As I meditate before I begin my day, I am trying to make sense to what the message was all about. I believe it was my ego. I have been pushing hard lately for change in myself, and sometimes when you so desperately want change, and want it RIGHT NOW, it will never happen. You simply cannot force change.
I have to quit playing my stupid damned story in my head: "I will be physically beat, or yelled at that I am stupid or worthless, or even worse, if I speak my truth, if I stand up for myself, or if I do anything for myself, that would be selfish, I have to just do what I am told, and directed to do. No one will ever love me because I am not perfect enough and they will abandon me like my parents did. I cannot do that because I will fail and people will laugh and throw it in my face, say I am so stupid. I will never be married, or in a long term relationship because I risk being hurt and vulnerable, and because of all the above, they will just abandon me when they find out who I truly am.... I will never make money because it is more than I deserve. I do not deserve to even be alive."

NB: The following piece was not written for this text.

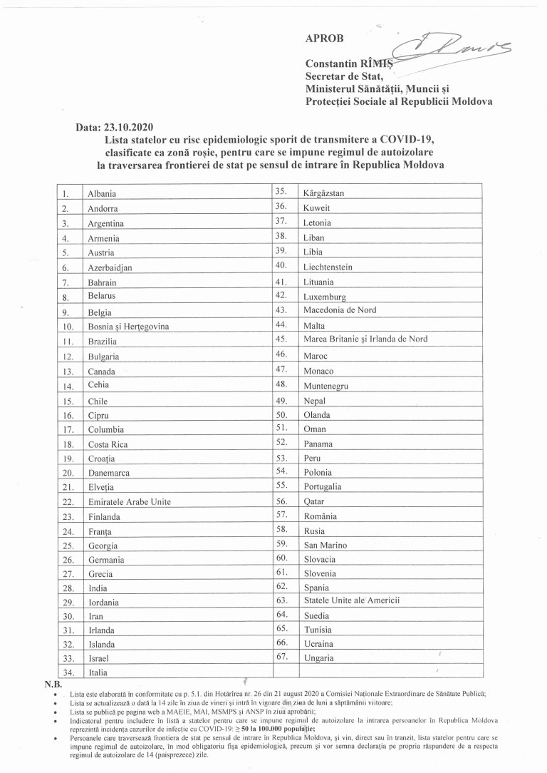 🦠Минздрав обновил список стран "красной зоны", для въезда из которых в Молдову необходима 14-дневная самоизоляция.

Can you believe this story? No wonder I struggle in EVERY area of my life. If I convince myself that I cannot do video's about my business because I don't want people to think I am an idiot, do you think they will give a damn about who I am, or my business or about my awesome equipment that could help them? HELL NO. Not when I am already failing myself before I even distribute a video.

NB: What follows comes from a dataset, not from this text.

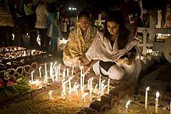 On All Saints' Day and All Souls' Day during the 19th century, candles were lit in homes in Ireland,[104] Flanders, Bavaria, and in Tyrol, where they were called "soul lights",[105] that served "to guide the souls back to visit their earthly homes".[106] Across Christendom, in preparation for Allhallowtide, Christians flocked to cemeteries "decorating the graves of their dear ones with flowers, tending the lawn, and spreading fresh white gravel around the tombs" with "candles, protected by little glass lanterns" being "placed around the graves or at the foot of the tombstones, to be lighted on All Saints' eve and left burning prior through the night."[107] The use of candles by Christians symbolized the light of Christ and the use of lamps at the tombs of Christian martyrs dates back to the early Christian period.[108][109]

How about that, "I do not even deserve to be alive." When you want to heal, you have to dive in deep, and I thought it was a forgotten thought, deep in the depths of Hell that I climbed out of. Many times I tried to rid this world of myself, Angels saved me, each and every time. One of those Angels being my child. Did I just tell you my truth?! Yes, Angels. Why do you think I have Angels tattooed on my forearm, to look cool? No. Those are a symbolic part of who I am. I was a "cutter" as a kid, and the Angels are the symbol of my salvation from the depths of that Hell.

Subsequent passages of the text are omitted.